Il locale di Filodolio
Un ambiente sobrio ed elegante, che unisce elementi moderni ed altri che richiamano periodi passati, un insieme di ferro battuto e legno, vetro, piastrelle e colori per un risultato finale che richiama il senso dell’accoglienza, anche quella familiare. La mise en place è semplice, ma studiata e curata, le sedute comode, le materie prime, al centro del progetto culinario del locale, fanno capolino un po’ ovunque, permettendo alla pasta, ai sughi e ai tanti differenti oli di completare un ambiente piacevole, nel quale vien voglia di rilassarsi per gustare in tutta tranquillità un buon piatto della cucina napoletana.
La prova d’assaggio
Non poteva che essere opulenta. Si parte con un assaggio di Casatiello, davvero ben realizzato, goloso e pepato al punto giusto, per poi passare a una sorprendente Cheese cake di alici alla colatura e maionese al basilico, delicata ed equilibrata, il cui sapore è naturalmente esaltato dal pesce. Il Polpo, patate e olive verdi di Gaeta si fa apprezzare per l’ottima cottura e per il gusto delle olive, un piatto ben eseguito e presentato. Il Puparuolo ‘mbuttunato si erge immediatamente a protagonista del pranzo, grazie alla sua “irruenza”: c’è il sapore, c’è la consistenza, c’è il ricordo del gusto che immaginavo. Il Risotto crema di friarielli, salsiccia e briciole di tarallo è caratterizzato dalla perfetta cottura del riso e da una mantecatura ben eseguita, ma forse risente della poca intensità di sapore dei friarielli, dovuta però al fatto che la loro stagione volge al termine.
Il “Mischiato”, ovvero la pasta mista, patate e mozzarella affumicata più che a un piatto somiglia all’abbraccio che tutti noi abbiamo ricevuto da mamme e nonne nel corso della nostra infanzia. Siamo nel quartiere Africano della capitale, ma potremmo tranquillamente essere a Mergellina o nei Quartieri Spagnoli.
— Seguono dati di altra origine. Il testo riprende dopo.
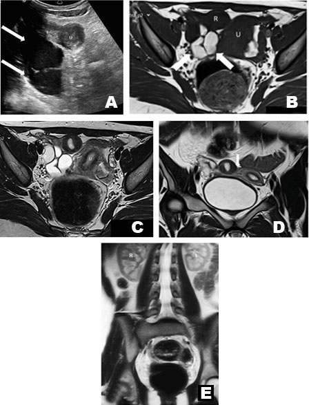 3D US has been used in the characterization of Mullerian anomalies with the advantages of safety (i.e., without ionizing radiation) and wide accessibility. 3D US depicts of the fundal contour of the uterus to advantage, similar to MRI [32]. With both high sensitivity and specificity for Mullerian anomalies [32],[33], 3D US has been used successfully for diagnosis of a rudimentary horn pregnancy [34]. Although it is usually concordant with MRI for fundal contour, 3D US is less accurate than MRI for studying the remainder of the uterus [33]. Moreover, the non-cavitary rudimentary horn may be overlooked on US [20]. MRI, the gold standard in diagnosing Mullerian anomalies, is used for problem solving after inconclusive US [4].

Gli Spaghetti aglio, olio e colatura di alici strappano un compiaciuto sorriso sin dal primo assaggio. Lo Spezzatino di manzo alla Genovese sancisce in maniera inequivocabile la nascita di una relazione amorosa tra il mio palato e il menù del locale.
In chiusura, felice e stracolmo, mentre la mia mente ha già iniziato a ripercorrere a ritroso il pranzo in cerca di conferme, arriva l’ennesima sorpresa. Il dessert Spuma di ricotta di bufala, pistacchio e mela verde, servito con un filo d’olio extra vergine a crudo, da un senso al nome del locale, alla sua filosofia culinaria, al ruolo dell’olio nel concept ideato ed alla bravura della brigata di cucina.
Cosa aggiungere? Posto bello, personale di sala preparato, proprietario appassionato e accogliente, cucina davvero ottima. Ho capito che quando mi prenderà un attacco di nostalgia ora saprò dove potermi rifugiare. Conoscevate Filodolio e la sua cucina? Vi è già capitato di provare i piatti preparati dallo chef?